WHAT TO PRODUCE
Reproduce the data in full, exactly as given, leaving images out.

DATA
== == ==

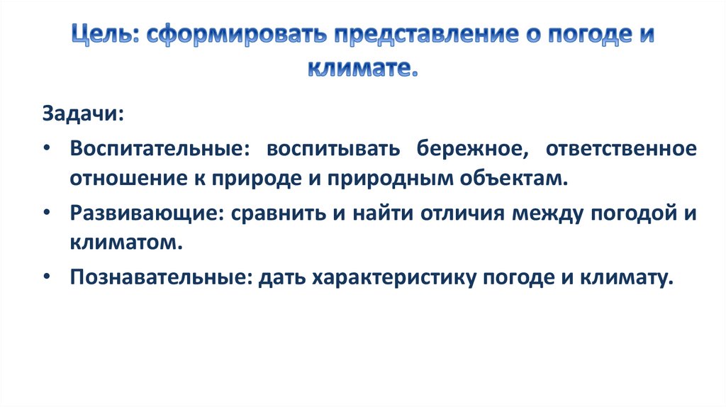 Задачи:• Воспитательные: воспитывать бережное, ответственное
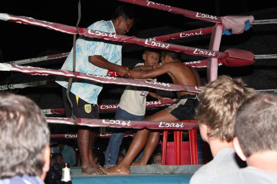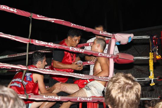 Abends um 20.30 Uhr gings dann per Taxi los an einen Muay Thai Boxkampf in die Kobra Muat Thai School nach Tong Sala. Patric, mein Vater und ich haben uns dort direkt Sitze am Ring gesichert und konnten die sieben Fights von ganz nah studieren. Von sieben Kaempfen gab es fuenf KO's und zwei Siege aufgrund von Punkten.
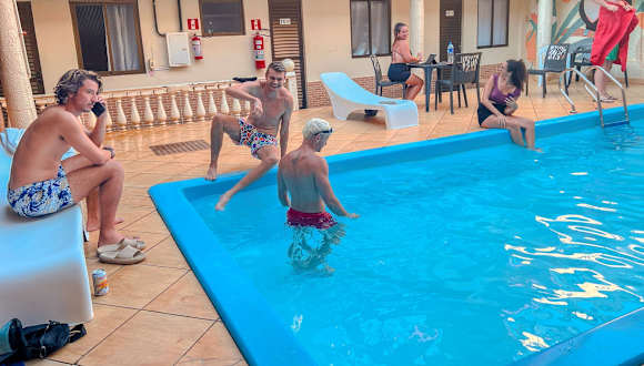 Das Pousada El Shaddai ist eine ideale Unterkunft für Ihren Aufenthalt in Foz do Iguaçu. Die zentrale Lage ermöglicht es Ihnen, die Sehenswürdigkeiten der Stadt, insbesondere die Iguassu-Wasserfälle, bequem zu erreichen. Das Hotel bietet komfortable Zimmer mit kostenfreiem WLAN sowie freundliches und hilfsbereites Personal, das Ihnen bei der Planung Ihrer Aktivitäten und Restaurantempfehlungen zur Seite steht. Der Außenpool und der Grillplatz laden zum Entspannen ein, und die kostenfreien Privatparkplätze bieten zusätzlichen Komfort.

== == ==

SOLUTION TO THE PROBLEM
 Задачи:• Воспитательные: воспитывать бережное, ответственное
 Abends um 20.30 Uhr gings dann per Taxi los an einen Muay Thai Boxkampf in die Kobra Muat Thai School nach Tong Sala. Patric, mein Vater und ich haben uns dort direkt Sitze am Ring gesichert und konnten die sieben Fights von ganz nah studieren. Von sieben Kaempfen gab es fuenf KO's und zwei Siege aufgrund von Punkten.
 Das Pousada El Shaddai ist eine ideale Unterkunft für Ihren Aufenthalt in Foz do Iguaçu. Die zentrale Lage ermöglicht es Ihnen, die Sehenswürdigkeiten der Stadt, insbesondere die Iguassu-Wasserfälle, bequem zu erreichen. Das Hotel bietet komfortable Zimmer mit kostenfreiem WLAN sowie freundliches und hilfsbereites Personal, das Ihnen bei der Planung Ihrer Aktivitäten und Restaurantempfehlungen zur Seite steht. Der Außenpool und der Grillplatz laden zum Entspannen ein, und die kostenfreien Privatparkplätze bieten zusätzlichen Komfort.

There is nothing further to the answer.